WHAT THIS TASK INVOLVES: An exact copy is required of the lines running from the one that contains "the ruins of" to the end of the material, both ends included, with pictures omitted.

DATA SECTION Block Start

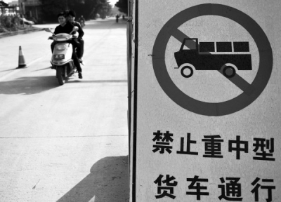南方钢材市场附近的道路入口,已摆放禁止重中型货车通行的牌子
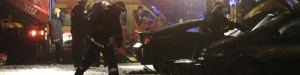 the ruins of a collapsed supermarket in the Latvian capital Riga
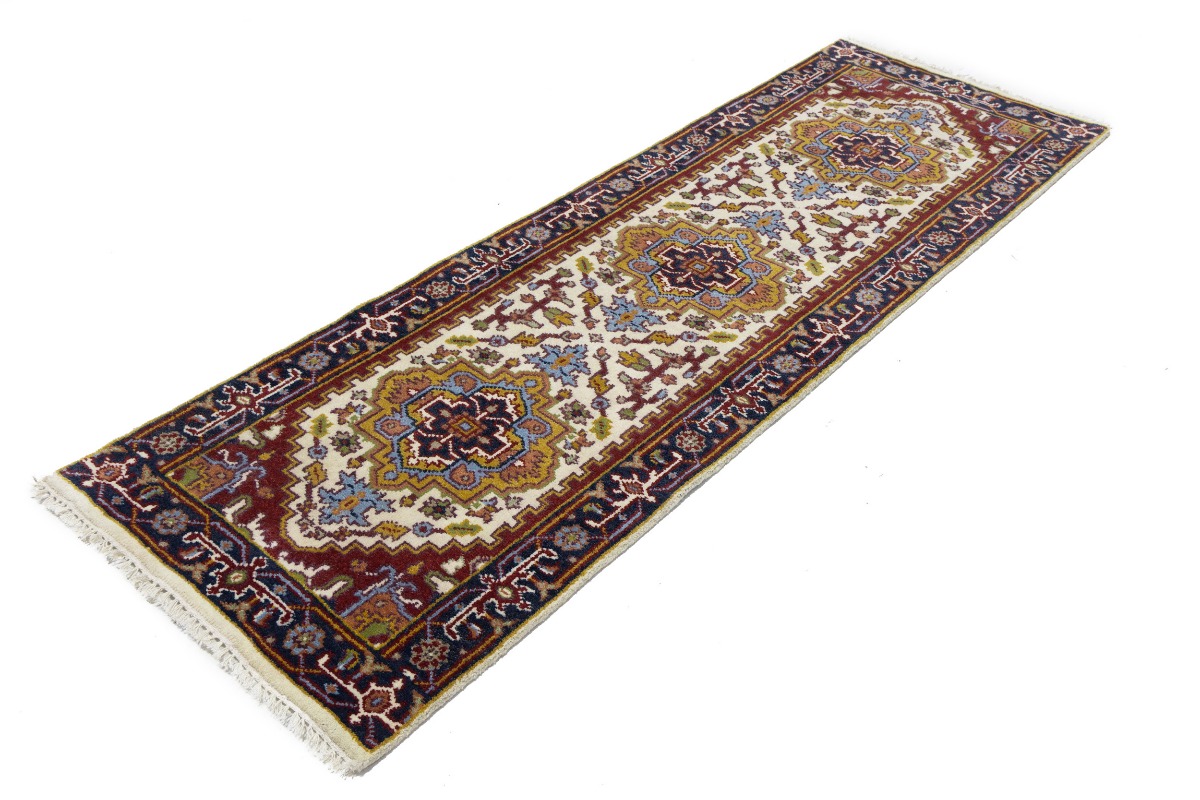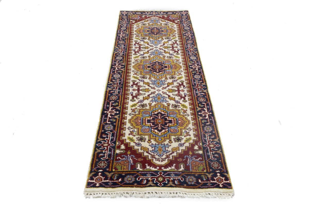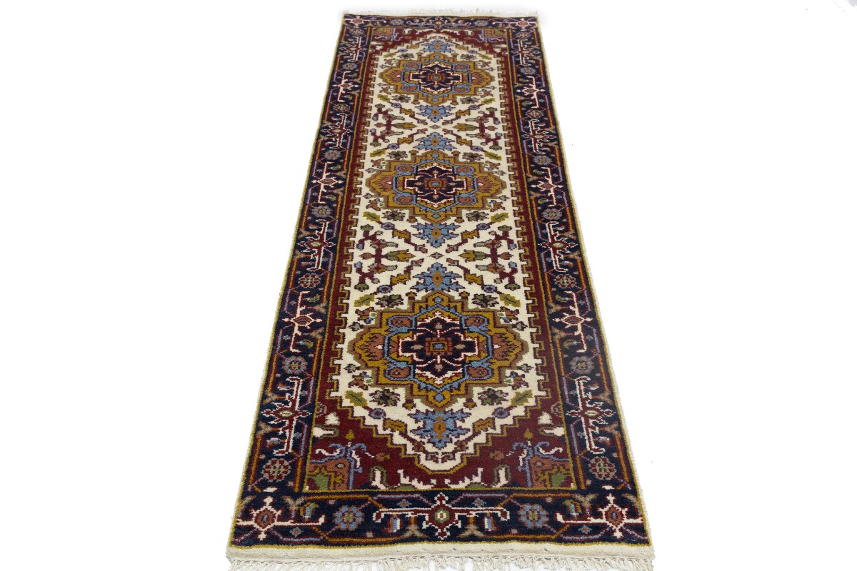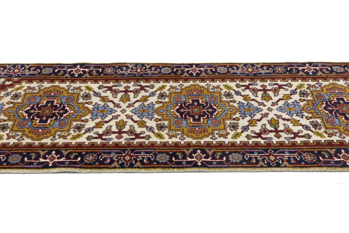 Handmade 3X8 cream oriental runner made with vegetable dyes (fine wool pile and cotton foundation), superior knot count, and appealing ancient designs. This Oriental runner never will go out of style and would be among your most valuable treasures.

DATA SECTION Block End

THE COMPLETED TASK:
 the ruins of a collapsed supermarket in the Latvian capital Riga
 Handmade 3X8 cream oriental runner made with vegetable dyes (fine wool pile and cotton foundation), superior knot count, and appealing ancient designs. This Oriental runner never will go out of style and would be among your most valuable treasures.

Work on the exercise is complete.